The real Bevan was yinned, gone completely. Jade won’t be back for a while; she’s in the tenth level of Hell now.

I rested my head in my hands again. ‘Oh no, that’s awful. What am I going to say to his parents?’

‘Worry about that when you get there. Right now,’ Cheung opened a folder and pulled out some forms, ‘I need you to give me a statement. So why weren’t you on the boat?’

Repeat after me
, the stone said:
I was at the Immigration Department…

‘I was at the Immigration Department,’ I began, and followed its coaching for the next forty minutes.

Finally, after he’d grilled me on my movements four times, Cheung closed the folder. ‘I’m sorry to have to put you through this, Miss Donahoe,’ he said, and smiled. Smiling made him seem much more human and approachable, and I relaxed slightly. ‘I think I’ve been mistaken. You obviously do care for Miss Chen and you’re doing your best to look after her.
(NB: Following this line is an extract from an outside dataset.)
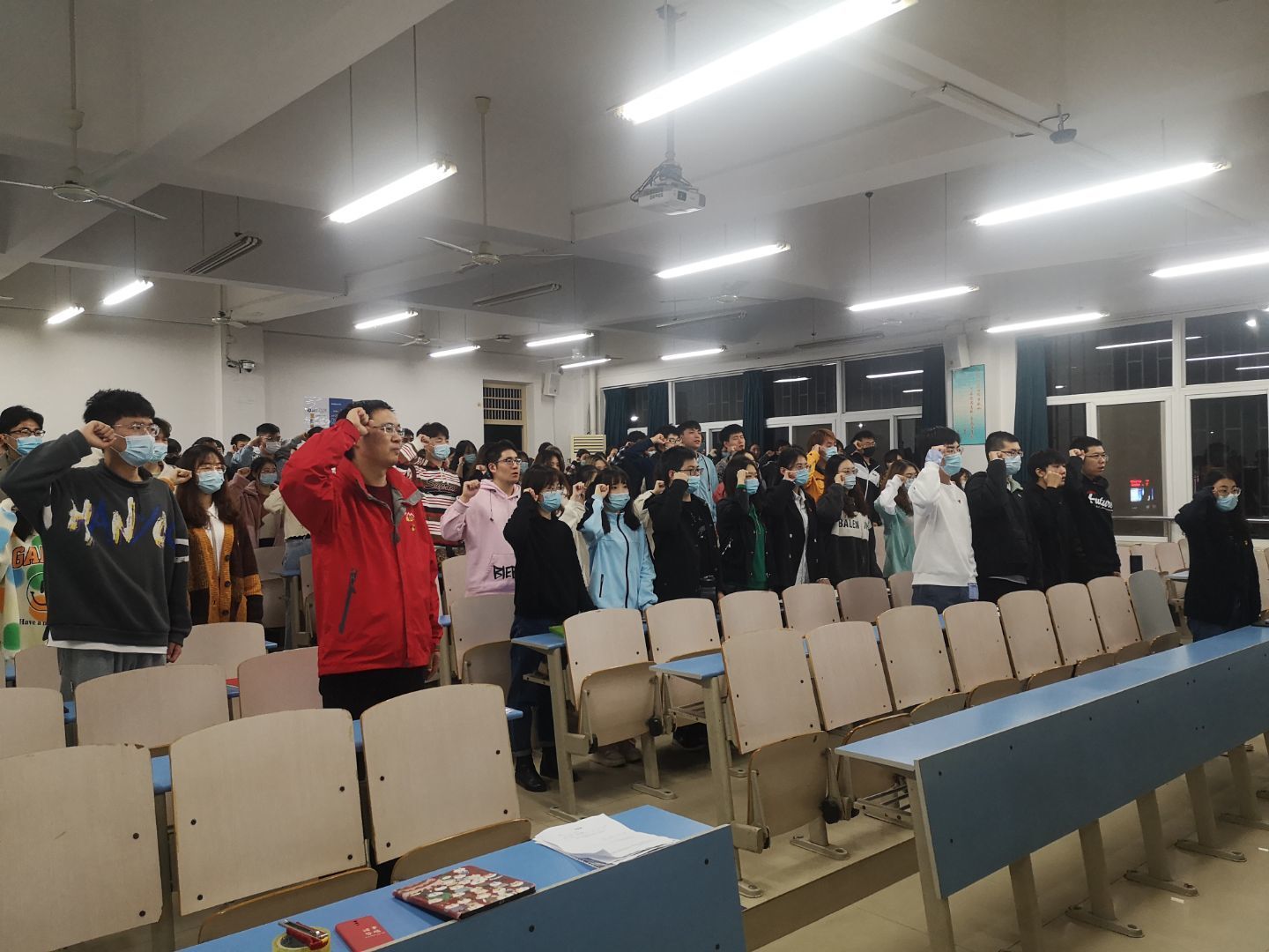 会议开始,朱嘉敏同志组织全体同志齐唱国歌并宣誓。之后,朱嘉敏带领全体同志学习《中国共产党章程》第七章。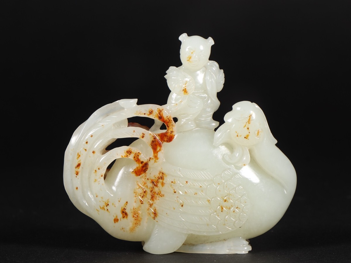 - 「清時代 和田玉 子料彫り 童子鳳鳥 擺件」極細工 擺件 中国古賞物 古美術 旧蔵出

I will have to
pursue this further when the boat is raised, but in the meantime please go visit her in the hospital. If there’s anything else I need, I’ll be in touch.’ He rose and held out his hand; I rose too and shook it. ‘I wish you good luck in talking to Miss Chen,’ he went on. ‘She will probably need counselling after this.’

‘I’ll arrange it. I just want her to recover and be happy again,’ I said with feeling. I nodded to him. ‘Thanks so much for being understanding, Lieutenant. I hope you see that I really do care for Simone very much.’

‘Oh, I do,’ he said, and opened the door for me. ‘This way.’

Is he lying as much as I think he’s lying?
I asked the stone.

Twenty-four-carat lies. He’s after you; he’s convinced you and Leo have been picking them off for their money, Leo being the brains and you the muscle. Watch your face!

I carefully controlled my expression. Leo the brains and me the muscle. Yeah, right.

Oh, well done, Emma!
the stone said, even more sarcastic now.
Way to go, he didn’t miss that triumphant smirk!

Geez. And I was doing so well.

Emma, do me a favour, dear, get that demon essence cleared out of your system so you can go live on the Celestial Plane…

I know. Where I won’t have to deal with overzealous police officers.

Exactly.

And what about Simone, who wants to live on the Earthly?

The stone was silent at that.

Fortunately, the parents had left by the time we returned to the reception area. Monica and Marcus were sitting on the plastic chairs waiting for us.

Gold didn’t speak until we were some distance from the station, walking through the pedestrian overpass that would take us across Gloucester Road to the car park under The Centre. ‘Marcus, take Monica and Emma home. I’ll take Emma’s form and drive Leo up to the hospital—’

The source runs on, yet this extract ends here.